Michael has worked on a revised abstract API, available 
at:

<http://www.sandelman.ca/SSW/ietf/ipsec/btns/richardson-btns-abstract-api-00.txt>

Hereby I'd like to call for WG adoption of this 
document. If you agree, or disagree with adoption, 
please send an email saying so to the mailing list 
without changing the subject line before 2007-06-15. 
(OTOH please do change the subject line if you want to 
discuss contents of the documents themselves.)

(If you have no time to read the documents, you might 
take a look at their respective presentations given 
during last meeting.)

-- julien / BTNS co-chair

From julien.IETF at laposte.net  Fri Jun  1 08:12:34 2007
From: julien.IETF at laposte.net (Julien Laganier)
Date: Fri, 1 Jun 2007 17:12:34 +0200
Subject: [anonsec] Note on draft adoption questions
In-Reply-To: <18558.1178935860@marajade.sandelman.ca>
References: <18558.1178935860@marajade.sandelman.ca>
Message-ID: <200706011712.35031.julien.IETF@laposte.net>

Folks, 

since we had issues with the first question issued that 
were caught into a spam filter, as well as answer to 
them, I'd like to ask those of you who replied to the 
question already to double check if their answer made 
it to the list. 

In case it didn't, please reply again, but to the 
second questions (with no "call" in subject line)

Sorry for the annoyance.

-- julien / BTNS co-chair

From Nicolas.Williams at sun.com  Fri Jun  1 08:42:32 2007
From: Nicolas.Williams at sun.com (Nicolas Williams)
Date: Fri, 1 Jun 2007 10:42:32 -0500
Subject: [anonsec] mailing list problems
In-Reply-To: <46601C17.1020903@isi.edu>
References: <20070531174153.GT27420@Sun.COM> <46601C17.1020903@isi.edu>
Message-ID: <20070601154232.GB1551@Sun.COM>

On Fri, Jun 01, 2007 at 06:16:07AM -0700, Joe Touch wrote:
> > Please make your filters smart enough to allow postings by subscribers
> > or by senders who've posted before or remove the filters altogether.
> 
> While the idea that "if you posted before, all future posts are OK"
> seems useful on the surface, there are two problems:
> 
> 	1) that's not a setting in Mailman (of which I am aware;
> 		if anyone knows otherwise, please let me know off-list)
> 
> 	2) that won't stop the spam (we already get) spoofed with
> 	source addresses of regular posters, as well as other
> 	subscribed addresses

So let's make it the IETF's problem.  They have a tools team.

> > If you don't then I will ask the chair to create a btns at ietf.org list
> > and move the WG discussion to it.  (The chair may refuse to do that, of
> > course.)
> 
> That's your perogative (and the chair's).

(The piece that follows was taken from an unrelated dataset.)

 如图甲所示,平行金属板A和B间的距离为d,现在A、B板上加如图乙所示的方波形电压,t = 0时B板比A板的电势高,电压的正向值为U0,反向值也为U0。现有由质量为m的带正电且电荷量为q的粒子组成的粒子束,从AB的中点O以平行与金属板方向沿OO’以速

I provide the service I can,
> with the resources available. I don't have the resources to rewrite
> Mailman every time a transient like this comes up, nor would I expect
> the IETF system to either.
> 
> In general, we receive very little spam, and trip up the system on cases
> like this rarely.

I've been annoyed more than once by these filters.  From what you say
any subject line with "call for" causes this.  Well.  In a consensus
driven organization calls for consensus are common, so your filter is
broken.  Please fix it, or just turn it off.

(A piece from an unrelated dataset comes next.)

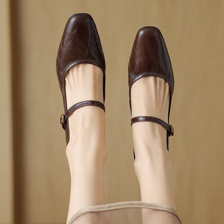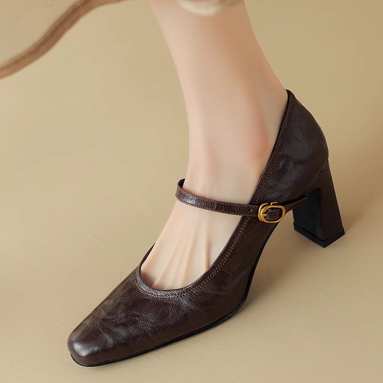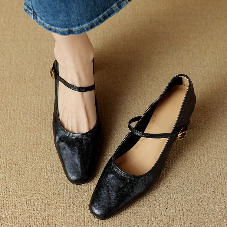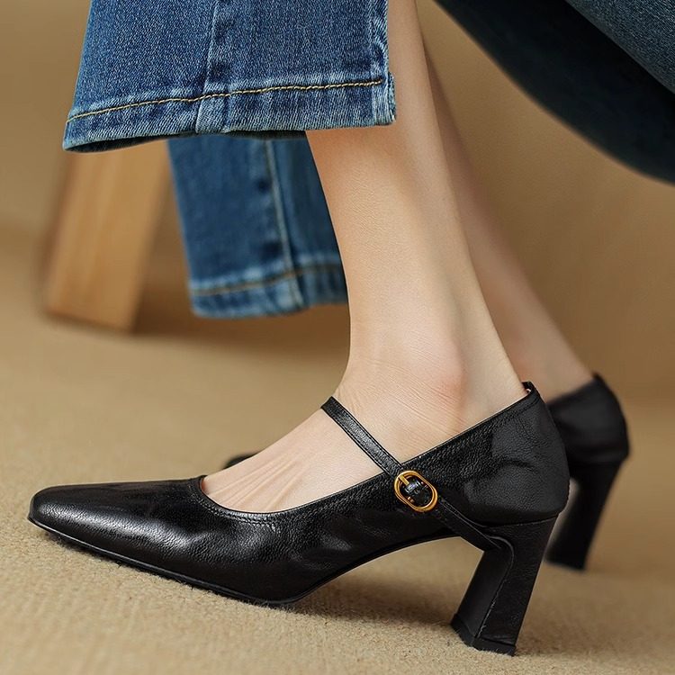 复古高跟女鞋春季新款羊皮一字扣带粗跟黑色法式真皮玛丽珍单鞋

> If you believe that there is a potential problem, it might be useful to
> start by changing the subject line, since most of our filters weigh the
> subject line heavily.

Absolutely not.  I will not try to guess what possible filters you have,
nor try to remember which ones I've tripped over in the past, when
answering someone else's e-mail.

In this case I was answering an e-mail from the WG chair -- I won't look
askance at the chairs' e-mails' subject lines!

Nico
-- 

From touch at ISI.EDU  Fri Jun  1 10:48:49 2007
From: touch at ISI.EDU (Joe Touch)
Date: Fri, 01 Jun 2007 10:48:49 -0700
Subject: [anonsec] mailing list problems
In-Reply-To: <20070601154232.GB1551@Sun.COM>
References: <20070531174153.GT27420@Sun.COM> <46601C17.1020903@isi.edu>
	<20070601154232.GB1551@Sun.COM>
Message-ID: <46605C01.3040806@isi.edu>



Nicolas Williams wrote:
...
>> In general, we receive very little spam, and trip up the system on cases
>> like this rarely.
> 
> I've been annoyed more than once by these filters.  From what you say
> any subject line with "call for" causes this.  Well.  In a consensus
> driven organization calls for consensus are common, so your filter is
> broken.  Please fix it, or just turn it off.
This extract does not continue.